Bivariate Laplace Transform of Residual Lives

Description

Computes the bivariate Laplace transform of residual lives L_{X_{t_1|t_2}}(s_1) and L_{X_{t_2|t_1}}(s_2) defined as

L_{X_{t_1|t_2}}(s_1) = \frac{\int_{t_1}^{\infty} e^{-s_1 x_1} f(x_1 | X_2 > t_2)\,dx_1}{e^{-s_1 t_1} \bar{F}(t_1 | X_2 > t_2)}

and analogously for the second component.

The *star* version (used for ordering) is

L^*_{X_{t_1|t_2}}(s_1) = \frac{1 - L_{X_{t_1|t_2}}(s_1)}{s_1} = \frac{\int_{t_1}^{\infty} e^{-s_1 x_1} \bar{F}(x_1, t_2)}{e^{-s_1 t_1}\bar{F}(t_1,t_2)}\,dx_1.

Usage

blt_residual(
  s1,
  s2,
  t1 = 0,
  t2 = 0,
  surv_fn = NULL,
  k1 = 1,
  k2 = 1,
  theta = 0,
  upper = 50,
  star = FALSE
)

Arguments

s1, s2

Positive Laplace parameters.

t1, t2

Non-negative time thresholds (truncation ages).

surv_fn

A function function(x1, x2) returning the joint survival probability \bar{F}(x_1, x_2). Defaults to the Gumbel bivariate exponential with k1, k2, theta.

k1, k2

Rate parameters (used only when surv_fn = NULL).

theta

Association parameter (used only when surv_fn = NULL).

upper

Integration upper bound (default 50).

star

Logical; if TRUE returns the star version L^*.

Value

A named numeric vector with elements L1 and L2 (or L1_star and L2_star when star = TRUE).

References

Jayalekshmi S., Rajesh G., Nair N.U. (2022). doi:10.1080/03610926.2022.2085874

See Also

blt_residual_gumbel, blt_order_residual, np_blt_residual

Examples

# Gumbel bivariate exponential, default parameters
blt_residual(s1 = 1, s2 = 1, t1 = 0.5, t2 = 0.5)

# Star version used in ordering
blt_residual(s1 = 0.5, s2 = 0.5, t1 = 1, t2 = 1, star = TRUE)

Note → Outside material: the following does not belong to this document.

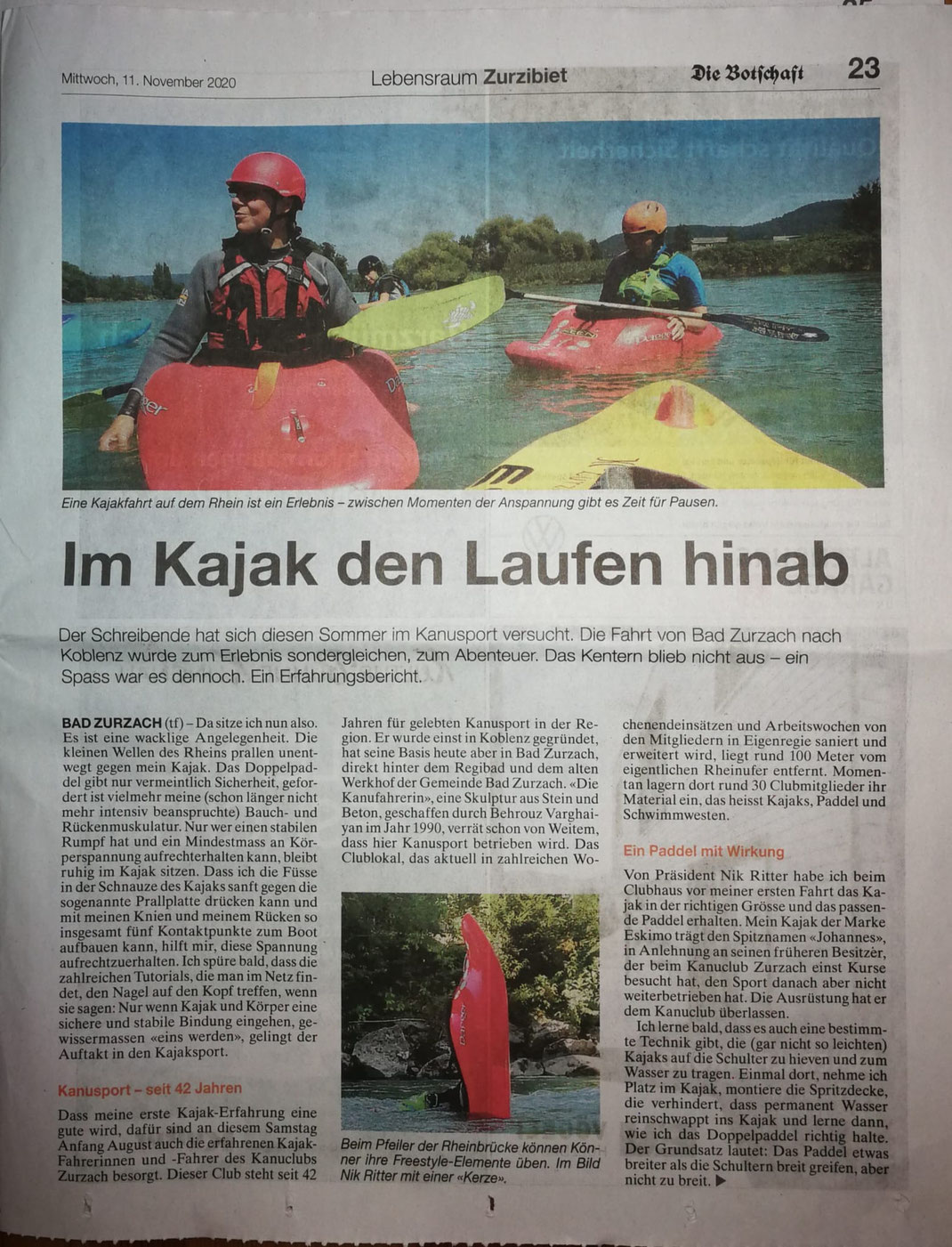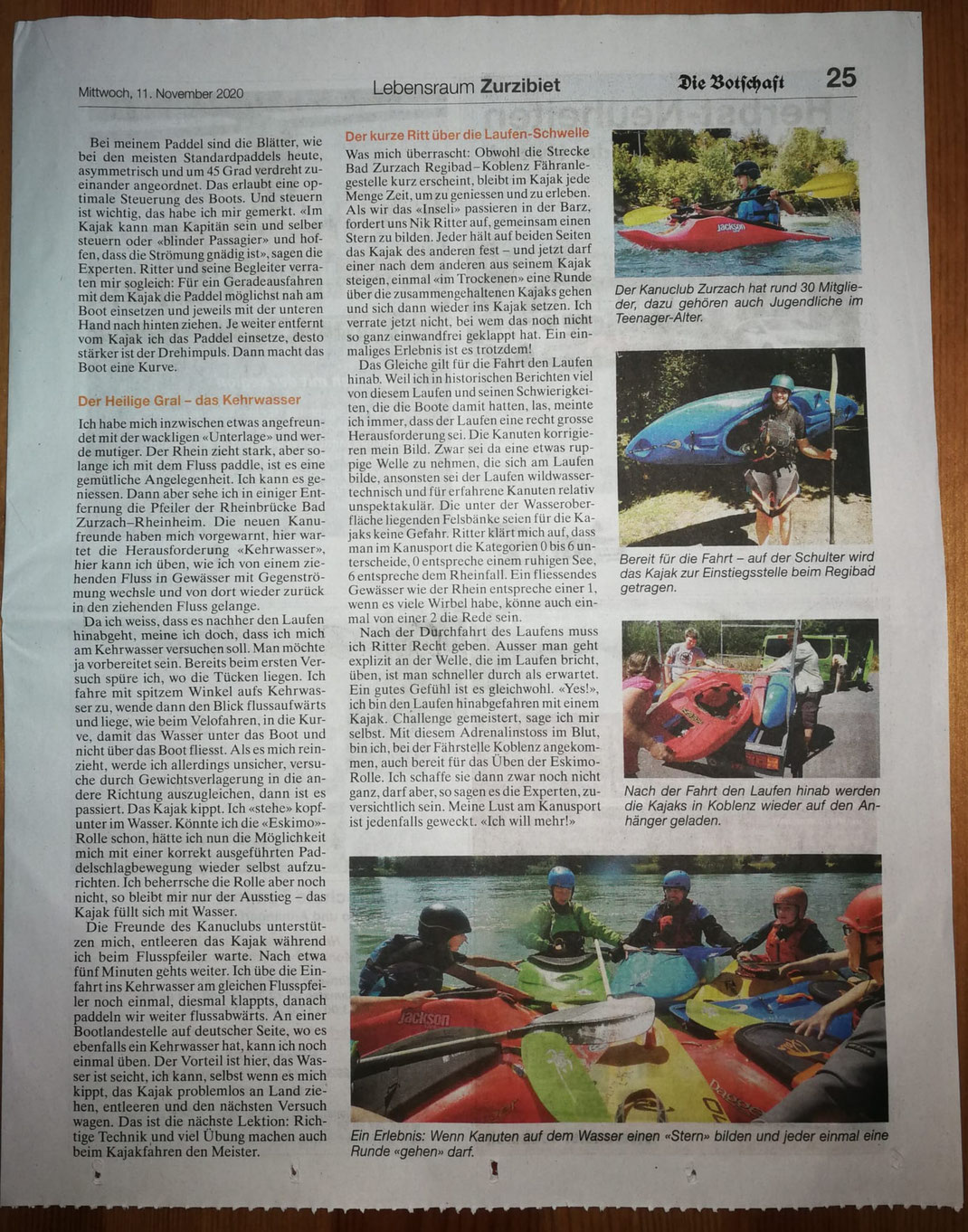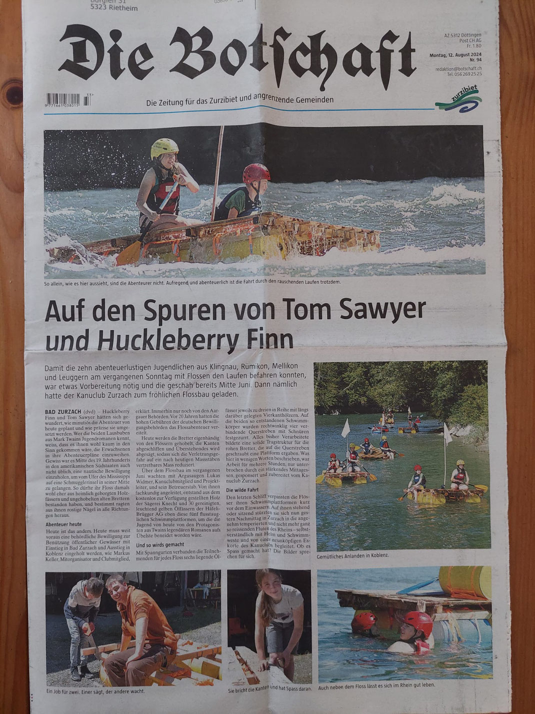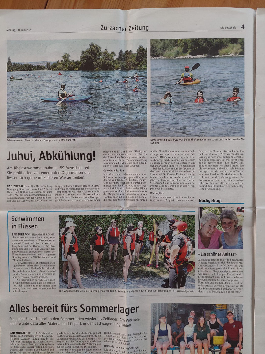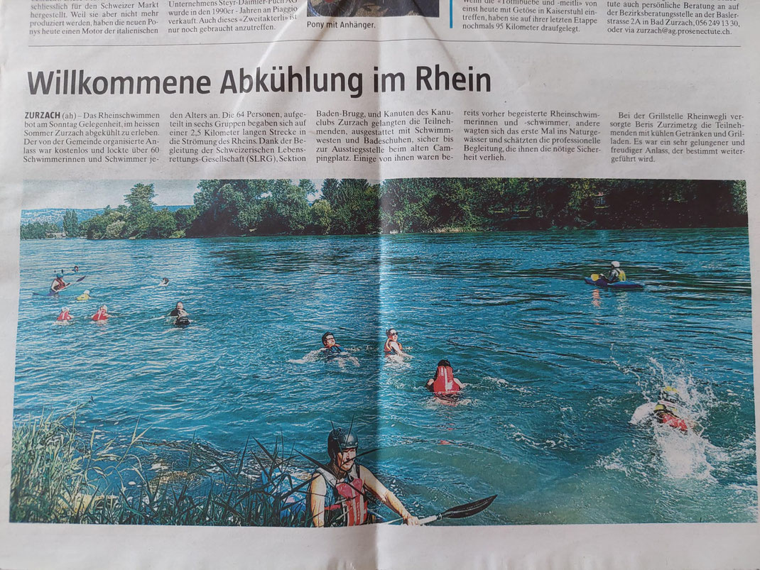 Rheinschwimmen-Artikel in der Zurzacher Zeitung vom 30. Juli 2025

# User-supplied survival function (Schur-constant exponential)
surv <- function(x1, x2) exp(-(x1 + x2))
blt_residual(s1 = 1, s2 = 1, t1 = 0.3, t2 = 0.3, surv_fn = surv)


Closed-Form Bivariate Laplace Transform of Residual Lives (Gumbel)

Description

Returns the *star* bivariate Laplace transform of residual lives for the Gumbel bivariate exponential distribution in closed form:

L^*_{X_{t_1|t_2}}(s_1) = \frac{1}{k_1 + s_1 + \theta t_2},\quad L^*_{X_{t_2|t_1}}(s_2) = \frac{1}{k_2 + s_2 + \theta t_1}.

Usage

blt_residual_gumbel(s1, s2, t1 = 0, t2 = 0, k1 = 1, k2 = 1, theta = 0)

Arguments

s1, s2

Positive Laplace parameters.

t1, t2

Non-negative truncation ages.

k1, k2

Positive rate parameters.

theta

Non-negative association parameter.

Value

A named numeric vector (L1_star, L2_star).

References

Jayalekshmi S., Rajesh G., Nair N.U. (2022), Example 3.1. doi:10.1080/03610926.2022.2085874

See Also

blt_residual

Examples

blt_residual_gumbel(s1 = 1, s2 = 1, t1 = 0.5, t2 = 0.5)
blt_residual_gumbel(s1 = 2, s2 = 0.5, t1 = 0, t2 = 1, k1 = 2, k2 = 1, theta = 0.3)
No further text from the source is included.